**WORK TO COMPLETE**
Restate exactly, and only, the lines from the one with "从营收构成来看,作为阿里巴巴" through the end of the data, with both of those end lines kept. Drop any pictures.

**GIVEN ENTRIES**
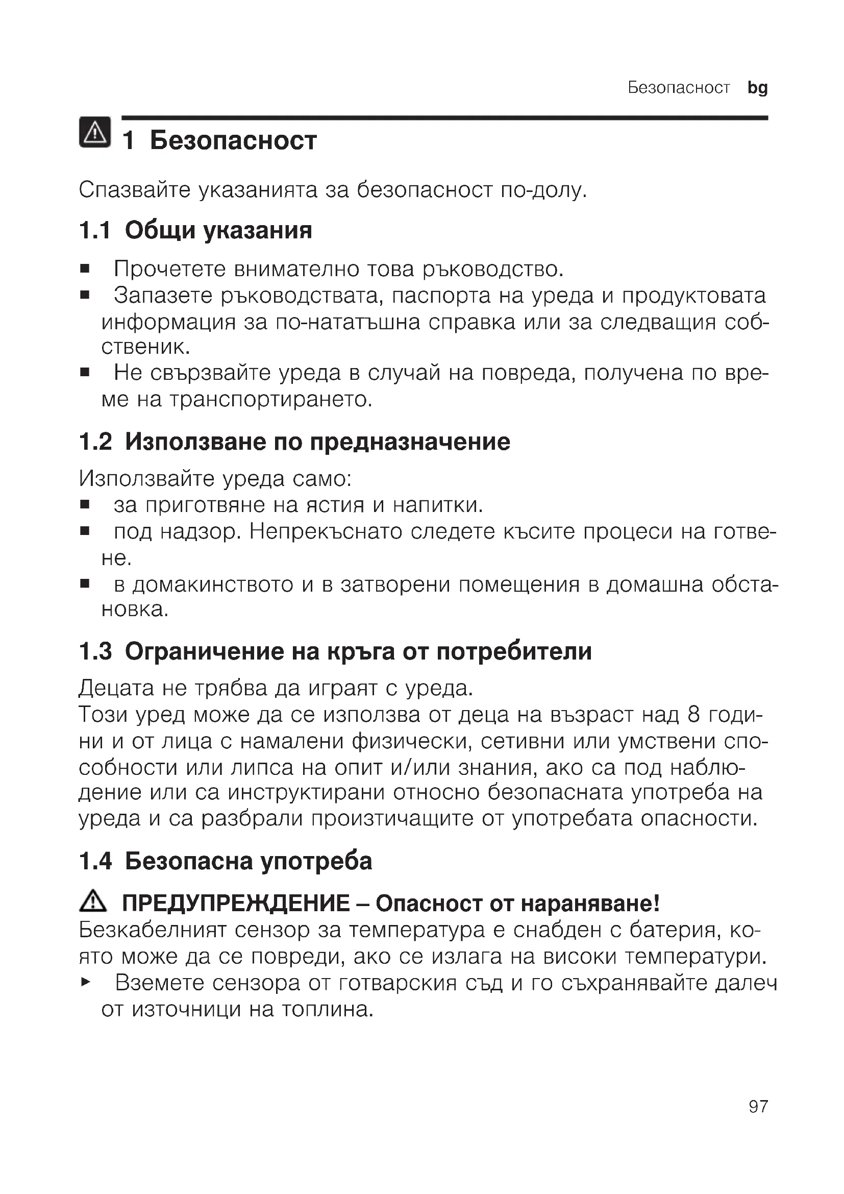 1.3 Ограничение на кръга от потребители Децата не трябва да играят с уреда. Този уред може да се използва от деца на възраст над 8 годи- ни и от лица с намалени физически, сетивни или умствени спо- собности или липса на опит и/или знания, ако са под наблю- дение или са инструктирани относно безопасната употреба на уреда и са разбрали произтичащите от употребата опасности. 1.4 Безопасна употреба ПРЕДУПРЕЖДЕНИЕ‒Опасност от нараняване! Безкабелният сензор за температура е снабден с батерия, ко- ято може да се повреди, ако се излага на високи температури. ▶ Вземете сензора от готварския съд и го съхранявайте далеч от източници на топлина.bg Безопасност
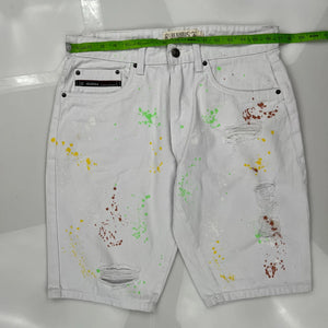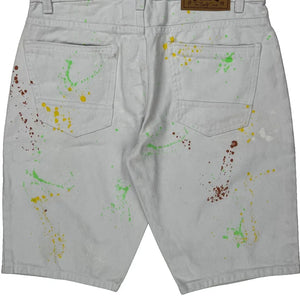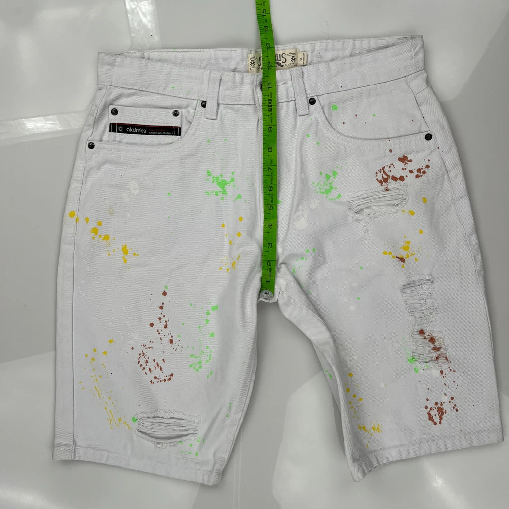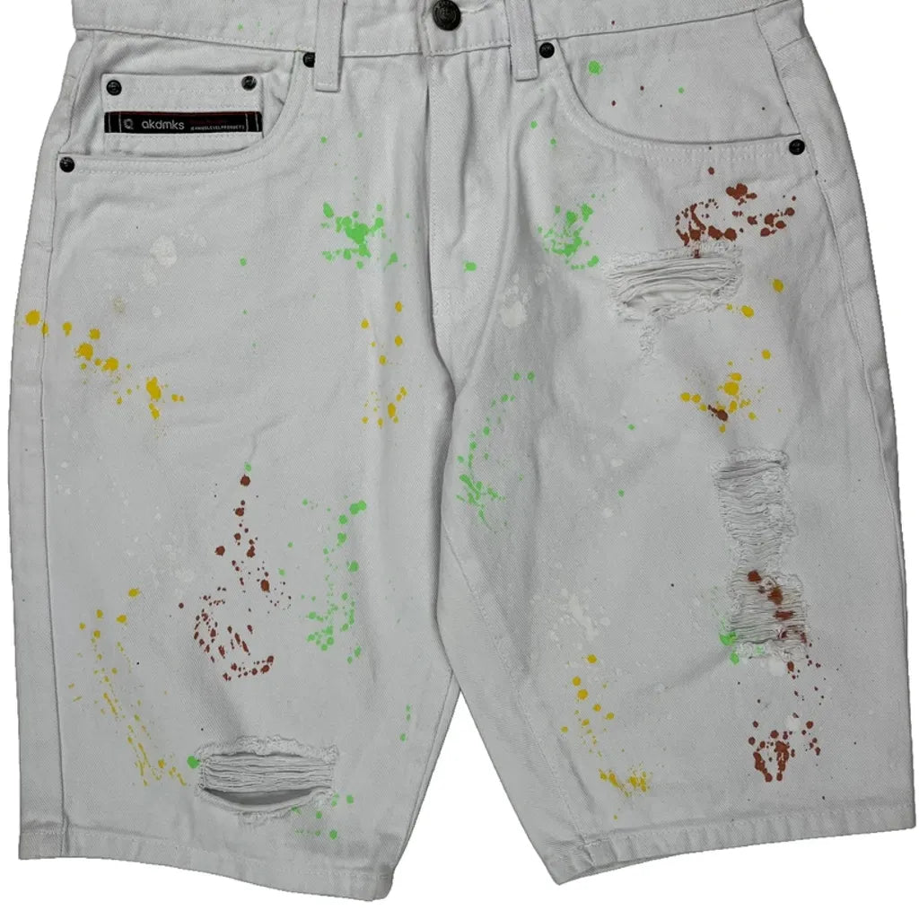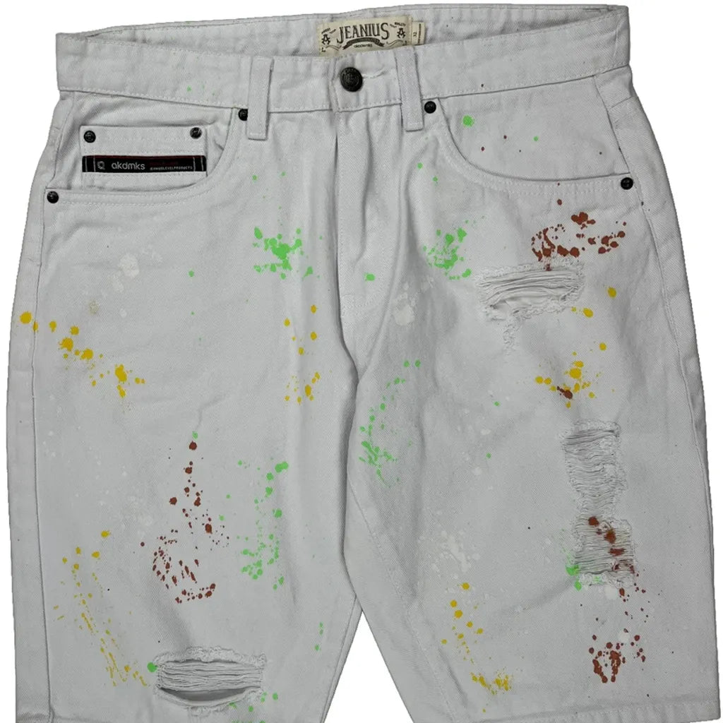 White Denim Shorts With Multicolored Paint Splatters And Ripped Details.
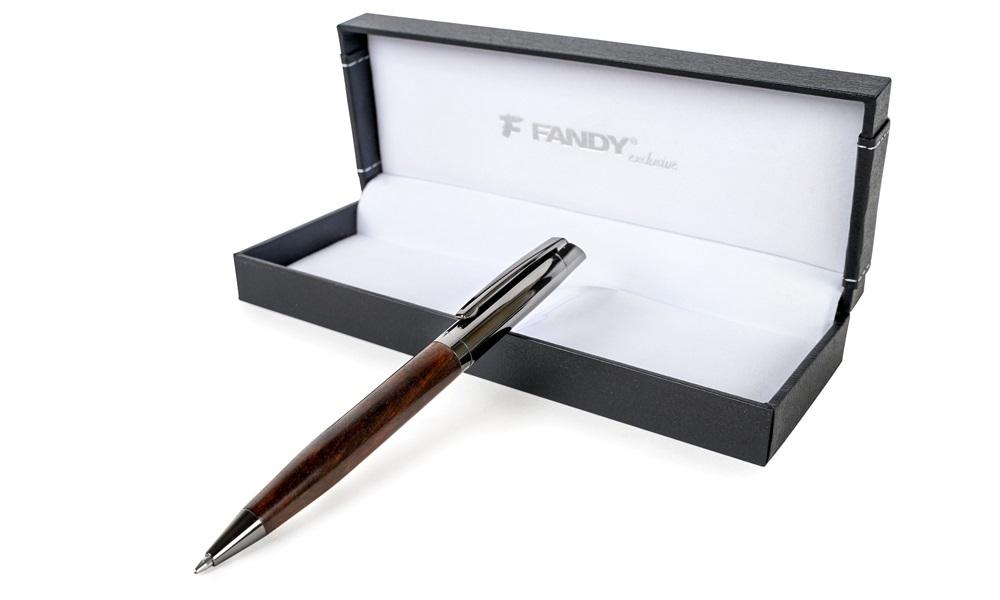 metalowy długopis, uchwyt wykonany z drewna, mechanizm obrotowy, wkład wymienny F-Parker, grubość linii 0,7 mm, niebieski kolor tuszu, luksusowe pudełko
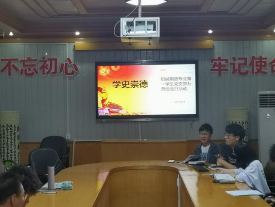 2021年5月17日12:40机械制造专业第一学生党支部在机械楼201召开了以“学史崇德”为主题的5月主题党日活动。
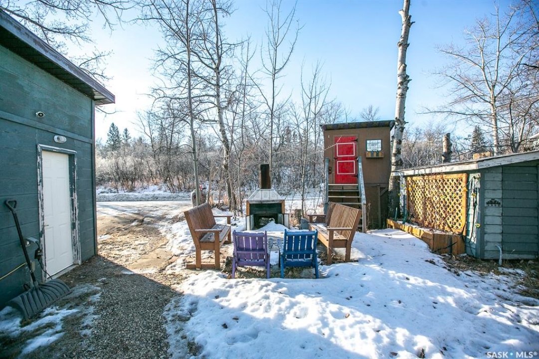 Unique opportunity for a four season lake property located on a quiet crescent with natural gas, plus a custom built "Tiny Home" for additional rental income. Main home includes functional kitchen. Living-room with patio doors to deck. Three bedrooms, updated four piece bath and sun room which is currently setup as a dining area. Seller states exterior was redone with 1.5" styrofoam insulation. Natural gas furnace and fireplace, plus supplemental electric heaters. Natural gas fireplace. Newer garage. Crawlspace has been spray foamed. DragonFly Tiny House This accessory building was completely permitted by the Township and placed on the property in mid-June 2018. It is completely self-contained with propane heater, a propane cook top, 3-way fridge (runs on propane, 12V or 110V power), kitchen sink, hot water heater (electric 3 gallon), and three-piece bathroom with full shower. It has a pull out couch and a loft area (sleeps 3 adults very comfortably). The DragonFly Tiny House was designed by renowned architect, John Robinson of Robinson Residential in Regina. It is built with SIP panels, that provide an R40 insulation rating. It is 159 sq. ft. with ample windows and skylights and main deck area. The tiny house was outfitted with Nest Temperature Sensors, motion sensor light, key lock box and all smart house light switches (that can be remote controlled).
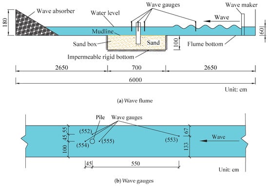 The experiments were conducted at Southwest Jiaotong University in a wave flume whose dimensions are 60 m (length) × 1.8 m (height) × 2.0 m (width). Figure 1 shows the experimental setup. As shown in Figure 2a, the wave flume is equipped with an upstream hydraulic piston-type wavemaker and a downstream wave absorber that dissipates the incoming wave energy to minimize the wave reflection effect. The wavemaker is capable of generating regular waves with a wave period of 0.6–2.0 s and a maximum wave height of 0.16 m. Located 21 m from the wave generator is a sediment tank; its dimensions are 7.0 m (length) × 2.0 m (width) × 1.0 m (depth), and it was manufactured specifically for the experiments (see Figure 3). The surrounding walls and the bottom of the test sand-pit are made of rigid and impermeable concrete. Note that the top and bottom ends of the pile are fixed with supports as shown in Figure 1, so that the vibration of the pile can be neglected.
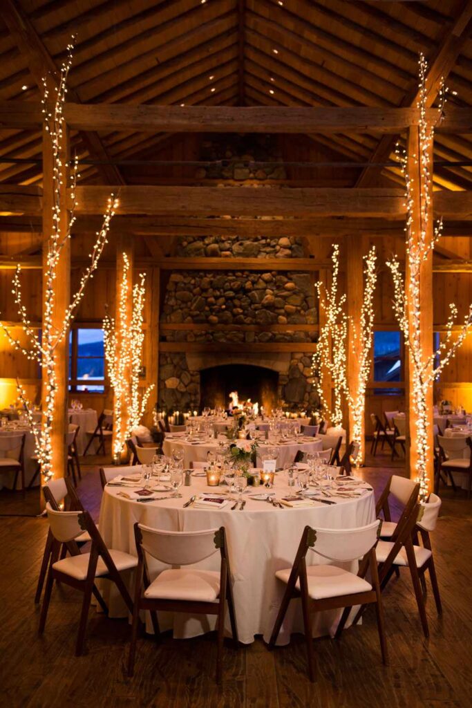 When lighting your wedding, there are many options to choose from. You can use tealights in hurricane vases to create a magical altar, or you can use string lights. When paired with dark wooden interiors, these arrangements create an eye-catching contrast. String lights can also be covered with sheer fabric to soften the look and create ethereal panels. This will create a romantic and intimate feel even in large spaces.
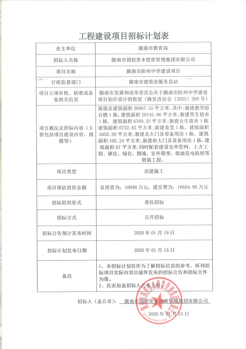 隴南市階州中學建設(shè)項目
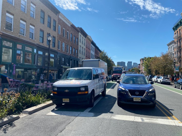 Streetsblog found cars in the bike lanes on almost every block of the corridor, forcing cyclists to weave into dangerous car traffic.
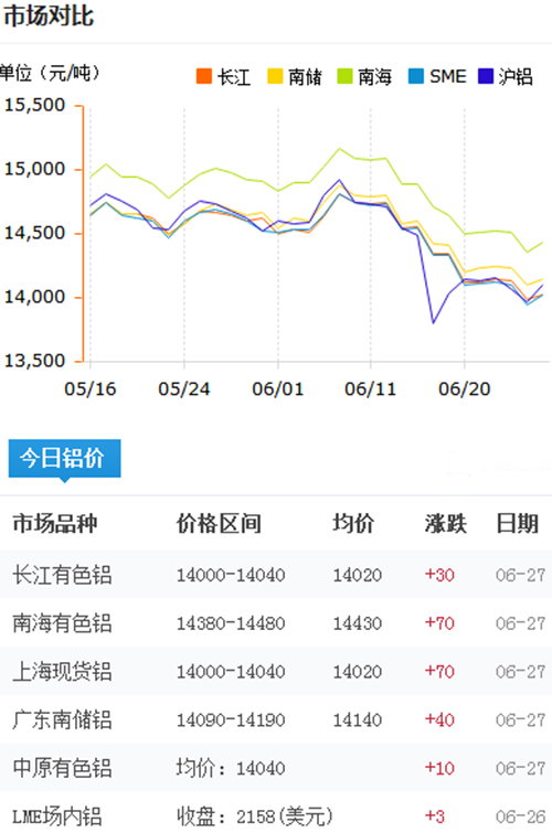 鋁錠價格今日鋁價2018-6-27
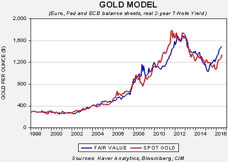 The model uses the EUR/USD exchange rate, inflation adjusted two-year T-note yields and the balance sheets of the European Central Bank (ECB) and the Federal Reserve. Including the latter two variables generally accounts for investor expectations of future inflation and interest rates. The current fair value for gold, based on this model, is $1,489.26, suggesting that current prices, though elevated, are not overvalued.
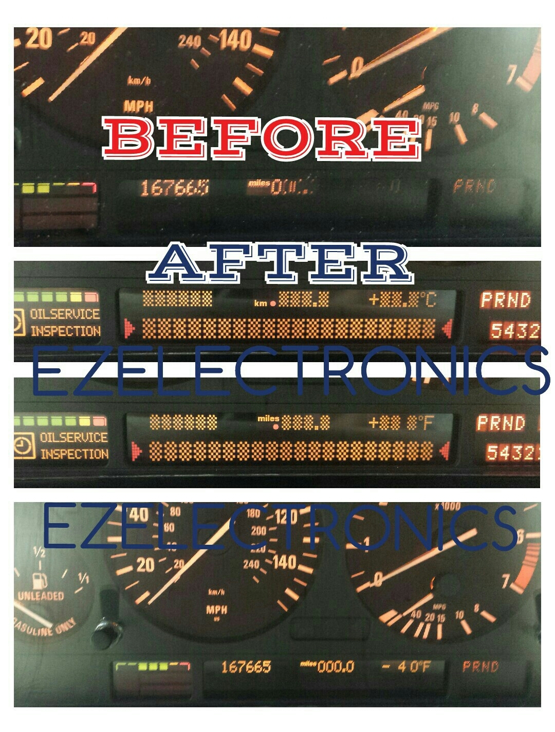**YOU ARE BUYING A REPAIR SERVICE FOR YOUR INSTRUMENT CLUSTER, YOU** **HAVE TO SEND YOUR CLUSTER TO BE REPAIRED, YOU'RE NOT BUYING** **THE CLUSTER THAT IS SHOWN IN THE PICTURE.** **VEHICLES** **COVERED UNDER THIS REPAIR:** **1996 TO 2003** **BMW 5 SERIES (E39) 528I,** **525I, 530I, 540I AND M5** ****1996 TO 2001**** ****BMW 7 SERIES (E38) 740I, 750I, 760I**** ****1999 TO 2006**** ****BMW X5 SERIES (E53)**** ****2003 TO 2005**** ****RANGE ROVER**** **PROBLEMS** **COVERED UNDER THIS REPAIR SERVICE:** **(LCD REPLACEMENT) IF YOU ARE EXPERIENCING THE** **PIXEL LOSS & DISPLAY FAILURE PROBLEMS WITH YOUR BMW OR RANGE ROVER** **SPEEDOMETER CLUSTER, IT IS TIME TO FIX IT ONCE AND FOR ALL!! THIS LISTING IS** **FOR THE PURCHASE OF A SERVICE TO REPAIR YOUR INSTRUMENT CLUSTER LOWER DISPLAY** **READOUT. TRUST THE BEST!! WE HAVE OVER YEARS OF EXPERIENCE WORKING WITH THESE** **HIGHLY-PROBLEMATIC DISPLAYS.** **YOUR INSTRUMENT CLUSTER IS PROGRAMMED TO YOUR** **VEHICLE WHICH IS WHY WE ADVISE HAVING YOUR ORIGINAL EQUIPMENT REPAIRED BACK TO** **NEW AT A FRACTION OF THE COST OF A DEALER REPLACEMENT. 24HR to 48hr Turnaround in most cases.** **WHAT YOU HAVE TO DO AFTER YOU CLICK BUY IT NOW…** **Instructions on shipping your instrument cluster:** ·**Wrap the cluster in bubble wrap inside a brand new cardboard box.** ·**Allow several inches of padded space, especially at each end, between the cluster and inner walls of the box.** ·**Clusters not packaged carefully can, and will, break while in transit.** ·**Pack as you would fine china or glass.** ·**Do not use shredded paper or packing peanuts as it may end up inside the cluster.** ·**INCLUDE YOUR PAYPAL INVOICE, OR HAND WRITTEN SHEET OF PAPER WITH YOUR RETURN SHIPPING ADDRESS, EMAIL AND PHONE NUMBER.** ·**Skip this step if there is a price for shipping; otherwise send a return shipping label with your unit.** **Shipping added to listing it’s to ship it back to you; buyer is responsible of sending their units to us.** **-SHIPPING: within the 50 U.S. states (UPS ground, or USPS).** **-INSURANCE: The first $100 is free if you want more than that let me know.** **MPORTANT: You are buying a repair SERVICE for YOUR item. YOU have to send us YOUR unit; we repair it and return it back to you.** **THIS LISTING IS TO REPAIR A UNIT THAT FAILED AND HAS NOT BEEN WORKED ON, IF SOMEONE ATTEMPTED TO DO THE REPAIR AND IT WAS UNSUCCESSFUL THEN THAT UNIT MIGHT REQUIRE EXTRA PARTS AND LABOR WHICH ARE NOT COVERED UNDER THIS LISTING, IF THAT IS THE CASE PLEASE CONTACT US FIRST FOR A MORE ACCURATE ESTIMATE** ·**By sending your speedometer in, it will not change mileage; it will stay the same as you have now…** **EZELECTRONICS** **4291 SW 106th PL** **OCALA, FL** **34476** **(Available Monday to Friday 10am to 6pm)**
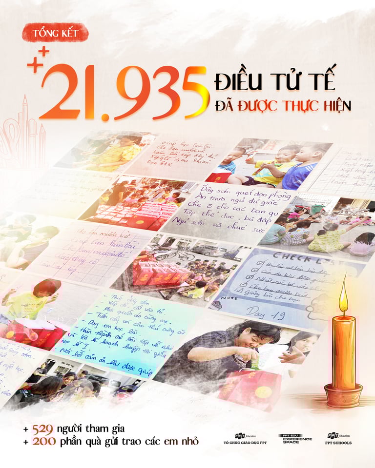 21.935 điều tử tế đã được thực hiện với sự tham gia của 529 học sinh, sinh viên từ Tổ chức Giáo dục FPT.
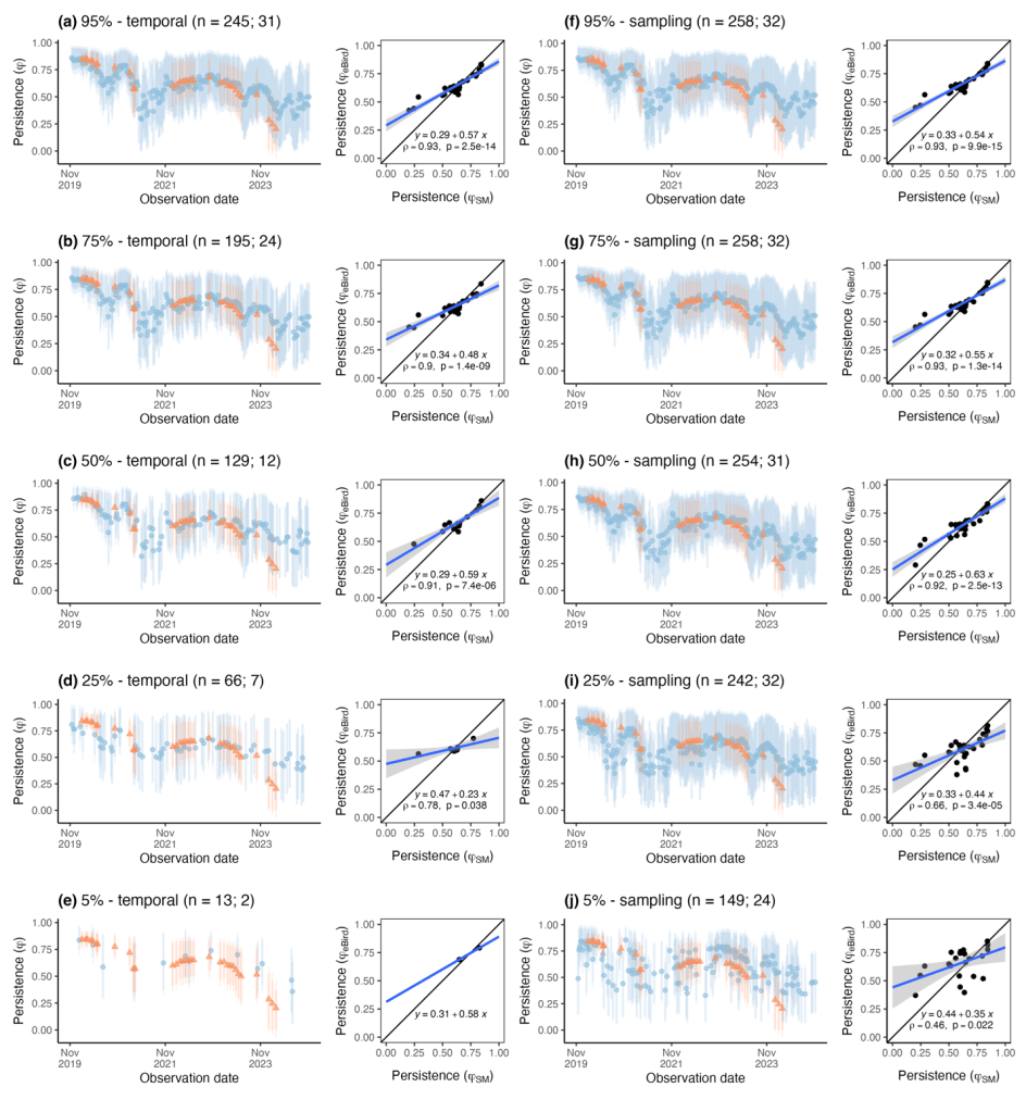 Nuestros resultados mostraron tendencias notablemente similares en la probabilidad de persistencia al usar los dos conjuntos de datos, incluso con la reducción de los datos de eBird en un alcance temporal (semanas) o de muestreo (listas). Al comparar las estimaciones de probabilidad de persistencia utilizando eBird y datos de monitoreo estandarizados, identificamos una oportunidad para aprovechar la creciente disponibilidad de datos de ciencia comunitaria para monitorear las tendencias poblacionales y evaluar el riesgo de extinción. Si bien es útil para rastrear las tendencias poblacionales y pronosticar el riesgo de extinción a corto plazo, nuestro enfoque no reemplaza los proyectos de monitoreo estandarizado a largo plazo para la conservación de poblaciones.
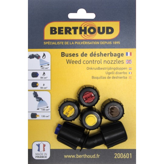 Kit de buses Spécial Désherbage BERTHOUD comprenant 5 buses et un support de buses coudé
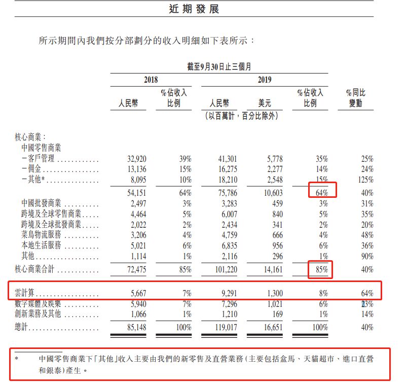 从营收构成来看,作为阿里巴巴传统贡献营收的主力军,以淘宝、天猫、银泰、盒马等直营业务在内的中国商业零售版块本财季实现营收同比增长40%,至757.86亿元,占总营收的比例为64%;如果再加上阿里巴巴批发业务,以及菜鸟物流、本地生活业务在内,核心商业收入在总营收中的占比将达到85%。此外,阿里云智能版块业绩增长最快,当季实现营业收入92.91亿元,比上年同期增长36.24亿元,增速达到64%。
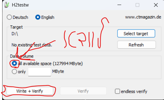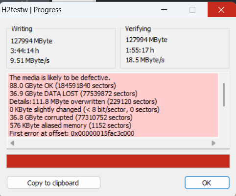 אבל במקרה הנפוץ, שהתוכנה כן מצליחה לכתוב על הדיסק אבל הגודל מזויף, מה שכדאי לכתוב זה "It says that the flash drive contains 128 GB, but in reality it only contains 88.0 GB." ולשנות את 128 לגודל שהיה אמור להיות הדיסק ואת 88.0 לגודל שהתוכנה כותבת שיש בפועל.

**EXERCISE SOLUTION**
 从营收构成来看,作为阿里巴巴传统贡献营收的主力军,以淘宝、天猫、银泰、盒马等直营业务在内的中国商业零售版块本财季实现营收同比增长40%,至757.86亿元,占总营收的比例为64%;如果再加上阿里巴巴批发业务,以及菜鸟物流、本地生活业务在内,核心商业收入在总营收中的占比将达到85%。此外,阿里云智能版块业绩增长最快,当季实现营业收入92.91亿元,比上年同期增长36.24亿元,增速达到64%。
 אבל במקרה הנפוץ, שהתוכנה כן מצליחה לכתוב על הדיסק אבל הגודל מזויף, מה שכדאי לכתוב זה "It says that the flash drive contains 128 GB, but in reality it only contains 88.0 GB." ולשנות את 128 לגודל שהיה אמור להיות הדיסק ואת 88.0 לגודל שהתוכנה כותבת שיש בפועל.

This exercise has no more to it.